■ WHAT TO PRODUCE
Below are some records. Write out the line that contains "ブレーンバディの6value" and all lines after it, exactly, but not the pictures.

Records from a dataset
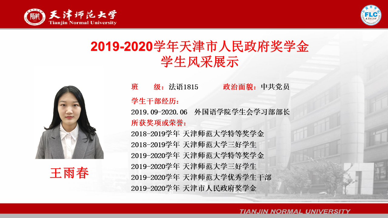 2019-2020学年天津市人民政府奖学金获得者——王雨春
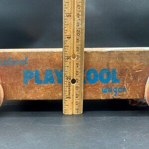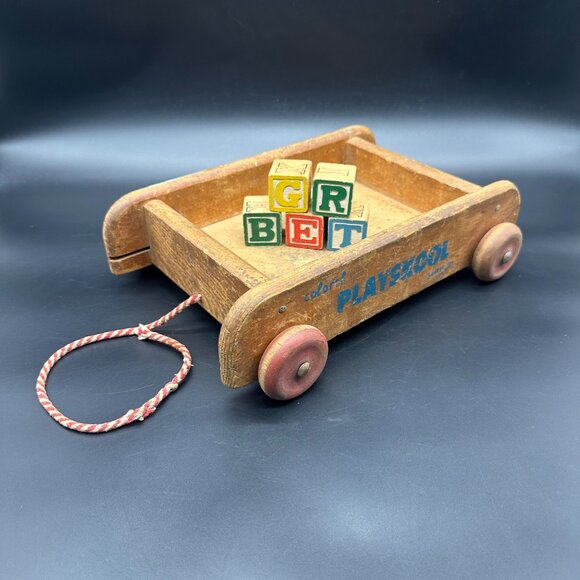 Vintage Playskool Wooden Wagon Pull Toy Blocks Rope Handle 1960s Mid Century
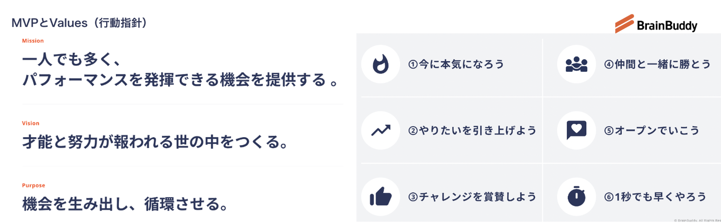 ブレーンバディの6valuesを意識して臨むことで、一人一人がキックオフを起点にマインドや行動を変化させ、ブレーンバディが掲げるMission・Visionを実現していくことを目指しています。
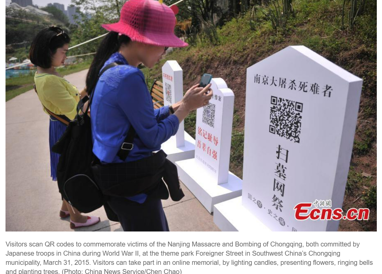 Japonya’da QR kodlu mezar taşlarına ait olduğu iddia edilen fotoğraf aslında Çin’in Chongqing kentindeki bir tema parkta yer alan Nanjing katliamı mağdurları anısına yapılan anıta ait.
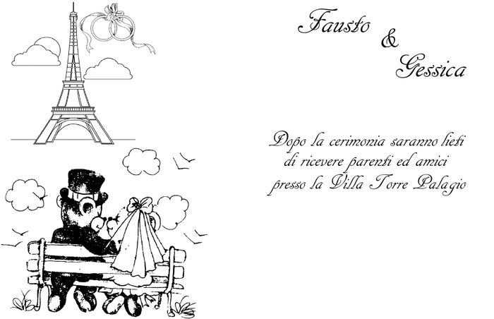 Questa sarà la nostra partecipazione creata tutta da me!!!!Le immagini significano il posto e il momento in cui lui mi ha fatto la proposta di matrimonio e cioè sotto la Torre Eiffel a Parigi in una panchina e gli orsacchiotti siamo noi e in più ci...

■ OUTPUT OF THE EXERCISE
 ブレーンバディの6valuesを意識して臨むことで、一人一人がキックオフを起点にマインドや行動を変化させ、ブレーンバディが掲げるMission・Visionを実現していくことを目指しています。
 Japonya’da QR kodlu mezar taşlarına ait olduğu iddia edilen fotoğraf aslında Çin’in Chongqing kentindeki bir tema parkta yer alan Nanjing katliamı mağdurları anısına yapılan anıta ait.
 Questa sarà la nostra partecipazione creata tutta da me!!!!Le immagini significano il posto e il momento in cui lui mi ha fatto la proposta di matrimonio e cioè sotto la Torre Eiffel a Parigi in una panchina e gli orsacchiotti siamo noi e in più ci...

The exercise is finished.